Zwischenzeitlich haben sich die politischen und gesellschaftlichen Verhältnisse in einigen Ländern verbessert, z. B. in Gambia. Wie Sie wissen, ist Baden-Württemberg Schwerpunktaufnahmeland für Gambier. Im Landkreis Esslingen leben derzeit rd. 1.100 Personen aus Gambia (25 % aller in Baden-Württemberg angekommenen Menschen aus Gambia), deren Anerkennungsquote liegt unter 5 %. Tatsächliche Abschiebungen sind die Ausnahme. Eine Lösung könnte eine zeitnahe freiwillige Ausreise sein. Mit der Unterstützung unserer Rückkehrberatung, die diesen Menschen bei der Rückkehr in ihre Heimat die Chance bietet eine Lebensperspektive aufzubauen, wäre dies ein Weg.

Derzeit laufen auf der Bundes- und Landesebene in Zusammenarbeit mit Nichtregierungsorganisationen (NGO’s), Planungen, um u. a. in Gambia entsprechende Strukturen aufzubauen, damit „Heimkehrer“ aus Deutschland sich nach und nach eine Existenz aufbauen können. Es dürfte allerdings noch einige Zeit in Anspruch nehmen, bis die erforderlichen Stellen in Gambia ihre Arbeit aufnehmen.

Vollständigkeitshalber muss aber auch festgestellt werden, dass es viele Länder gibt, die derzeit noch nicht bereit sind, ihren Staatsbürgern wieder die Einreise zu ermöglichen. Hier ist die Bundesdiplomatie gefordert.
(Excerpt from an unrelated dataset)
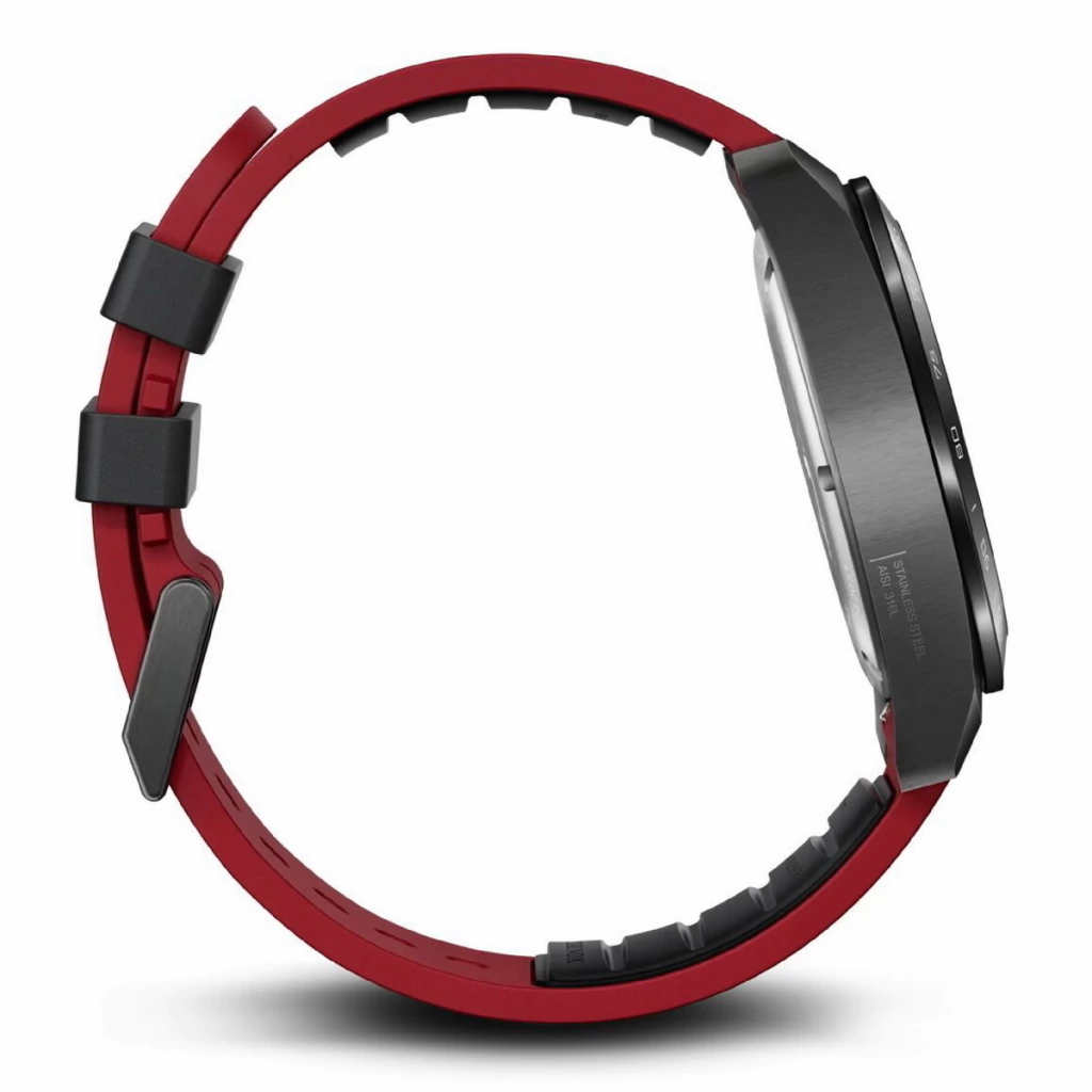 BRAZALETE: Correa de caucho genuino negro y rojo de 21 mm de ancho.

Bis dahin werden wir als Landkreis Berufsorientierungsmaßnahmen entwickeln, um die Menschen mit geringer Bleibeperspektive, auf eine freiwillige Rückkehr bestmöglich vorzubereiten, so dass sie sich in ihrem Heimatland eine Existenz aufbauen können. Erste Erfahrungen haben wir bereits mit den von uns initiierten Zukunftswerkstätten machen können.

Meine Damen und Herren,

eine gelingende Integration im Bereich der Zuwanderung hat viel Potential. Als Landkreis haben wir jedoch aufgrund der geteilten Zuständigkeiten von Bund, Land und Kommunen nur begrenzte Steuerungs- und Handlungsmöglichkeiten, sind aber gleichzeitig für die Soziale Leistungserbringung zuständig.

Strukturen für eine nachhaltige Integration brauchen Ressourcen.

Ich hatte es eingangs bereits erwähnt, wenn wir in den Strukturen und Prozessen gut aufgestellt sind und alles sinnvoll ineinandergreift, erzielen wir gute Ergebnisse!

Im Rahmen unserer sozialplanerischen Zuständigkeit haben wir immer dem Anspruch Rechnung getragen, das Ganze im Blick zu haben.

Dafür haben wir in den letzten Jahren viel getan. Wir haben unsere Konzepte im Rahmen der Flüchtlingshilfe immer mit der Zielsetzung der Ganzheitlichkeit entwickelt und umgesetzt. Dafür wurden im Rahmen von Freiwilligkeitsleistungen durch den Kreistag die erforderlichen Mittel bereitgestellt. U. a. fördern wir Kommunale Koordinationsstellen für das Ehrenamt, unterstützen durch Personalkostenförderung die Sozialen Dienste der Großen Kreisstädte und des Landkreises und qualifizieren unsere Beratungsstrukturen gemeinsam mit den Freien Trägern.

Ungeachtet dessen müssen jedoch der Bund und das Land mehr investieren, um die Nachhaltigkeit in die gut angelegte, kommunale Integrationsarbeit abzusichern.

Wir sehen daher insbesondere bei der Landesförderung beim „Pakt für Integration“ die Notwendigkeit, diese Förderung auch die nächsten Jahre fortzuführen. Wir sehen auch, dass eine Stichtagsbetrachtung bei der Förderung von Personalressourcen in den Kommunen nicht ausreichend ist, wenn wir uns, wie vorhin ausgeführt, auch qualifiziert um die Menschen kümmern müssen, die eine geringe Bleibeperspektive haben.

Meine sehr geehrten Damen und Herren,

wenn wir die notwendigen Ressourcen einsetzen, kann unser landkreisweit angelegtes Integrationskonzept sein größtmögliches Integrationspotential entfalten. Land und der Bund sind gefordert, uns zu unterstützen.

Mit der heute eingeführten Integrationsplanung legen wir den Grundstein für eine gut abgestimmte Integrationsarbeit im Landkreis Esslingen. Die Verwaltung wird den Umsetzungsprozess kontinuierlich begleiten und fachlich beraten, teilweise auch selbst Maßnahmen entwickeln.

Ich danke allen Ehrenamtlichen und Hauptamtlichen, die sich seit Ende 2014 unermüdlich in der Flüchtlingsarbeit einsetzen. Mein Dank gilt auch allen, die an der Erarbeitung des Integrationsplans und der Vorbereitung sowie der Mitwirkung der heutigen Veranstaltung Anteil haben. Besonders danken möchte ich unserer Integrationsbeauftragten Frau Mariam Koridze Araujo. Sie hat die letzten anderthalb Jahre eine Vielzahl von Gremien moderiert und durch die Integrationsthemen sicher navigiert, so dass wir heute ein sehr gutes Ergebnis vorliegen haben."